Data for this task:
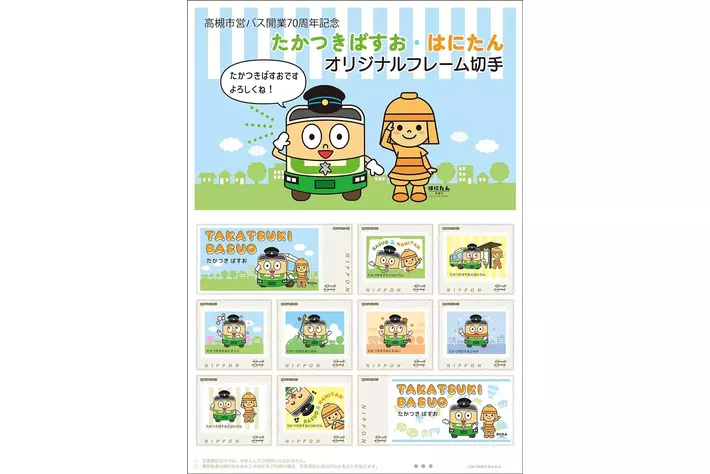 令和6年2月25日に開業70周年を迎えることを記念して、2月25日(日曜日)には現在市内を運行しているいすゞエルガの市営バス記念トミカ、2月26日(月曜日)には市営バスのマスコットキャラクター「たかつきばすお」と高槻市のマスコットキャラクター「はにたん」がデザインされたオリジナルのフレーム切手の販売が開始されます。市営バスのトミカを販売するのは5年前に続いて今回で2回目。前回大好評でしたので、希望の方はお早めにお買い求めください。
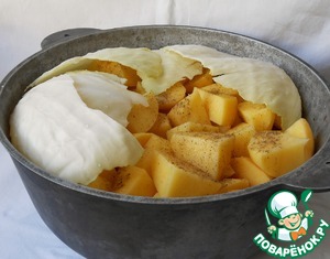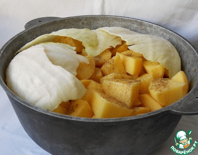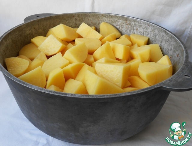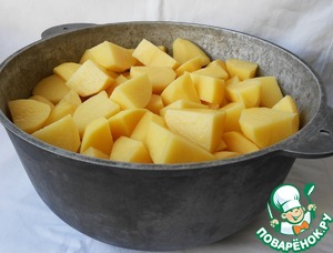 Чистим картошку, режем достаточно крупно, выкладываем в казан, солим, перчим по вкусу.
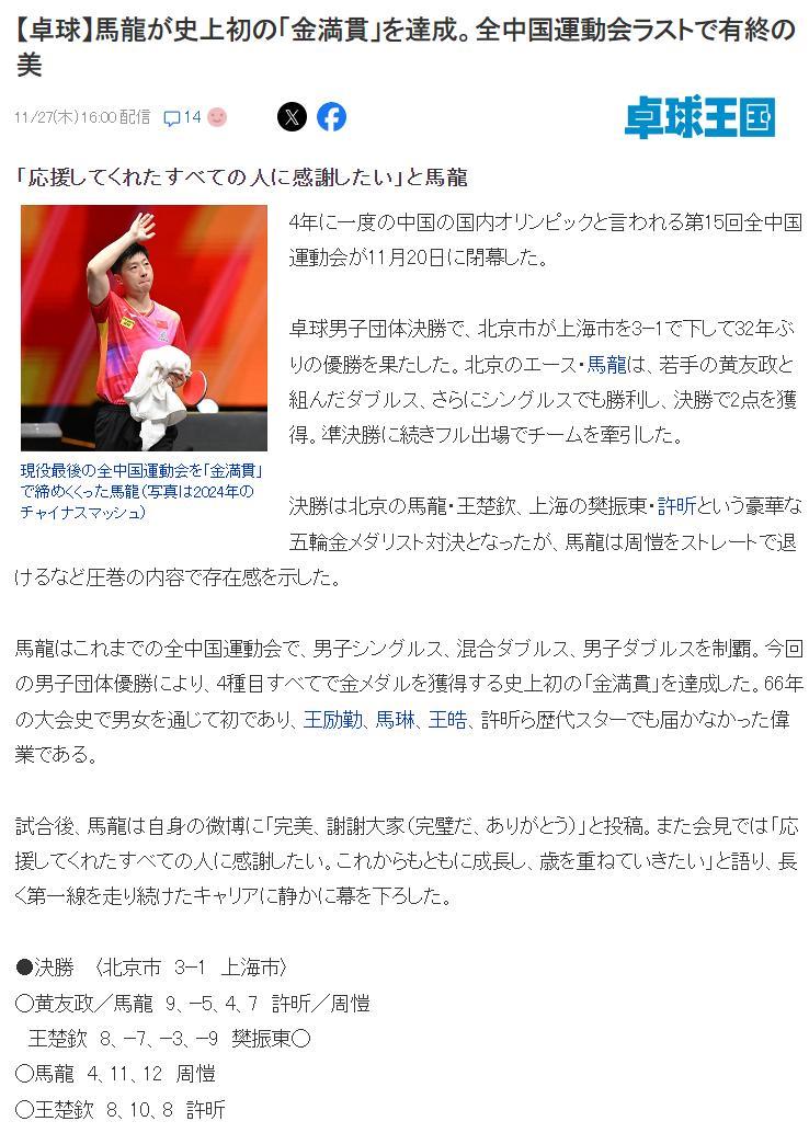 北京時間11月27日,日本媒體《乒乓球王國》發文祝賀馬龍在第十五屆全運會拿到冠軍,標題是馬龍達成史上首次全運會金滿貫,在中國全運會最後一場比賽也很完美。
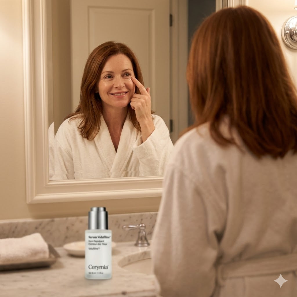 Imaginez vous regarder dans le miroir et voir un regard reposé, lumineux — sans avoir rien appliqué d'autre que votre sérum. Plus de creux visible sous les yeux. Plus de teint fatigué. Plus de "tu as l'air crevée" au bureau. C'est ce que décrivent nos clientes après 3 à 4 semaines d'utilisation : une zone sous les yeux visiblement repulpée, un regard qui paraît plus jeune, plus ouvert. Certaines ont annulé leur rendez-vous chez le médecin esthétique. D'autres ont rangé leur anti-cernes dans un tiroir. Le changement n'est pas spectaculaire du jour au lendemain — il est progressif, naturel, et c'est exactement pour ça que l'entourage remarque sans comprendre. On ne vous dira pas "tu as fait quelque chose". On vous dira "tu as l'air en forme en ce moment".
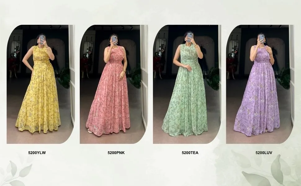 | Gown | Weightless Marbal, Work : Floral print, Chest : 40″ (Inside 2 inch extra margin available so you can adjust support up to 42 for your body comfort), Waist : 38, Length : 57, Flair : 3.40 Meter, Lining : silk (full upto bottom) |
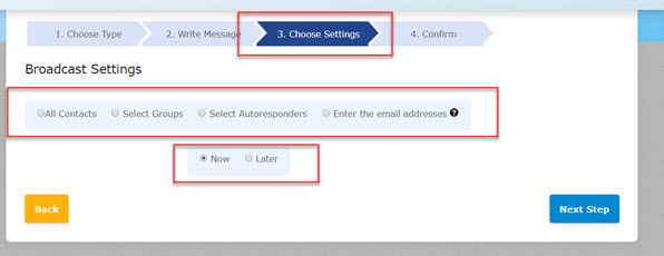 On Step 3, you can choose the settings, choose the recipients and when to send it out
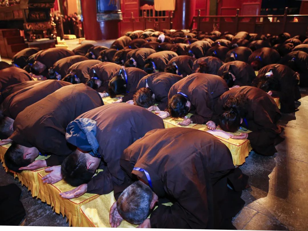 在经书翻页或需要跪拜时,道场出于对初发心者的慈悲,有时还会有知客师在现场提示“拜”或“起”,只要按照提示,跟随在场同修们一起做即可。

Work required:
From the line containing "upto bottom) |" down to the end of the data above, reproduce each line exactly; no pictures.

Answer:
 | Gown | Weightless Marbal, Work : Floral print, Chest : 40″ (Inside 2 inch extra margin available so you can adjust support up to 42 for your body comfort), Waist : 38, Length : 57, Flair : 3.40 Meter, Lining : silk (full upto bottom) |
 On Step 3, you can choose the settings, choose the recipients and when to send it out
 在经书翻页或需要跪拜时,道场出于对初发心者的慈悲,有时还会有知客师在现场提示“拜”或“起”,只要按照提示,跟随在场同修们一起做即可。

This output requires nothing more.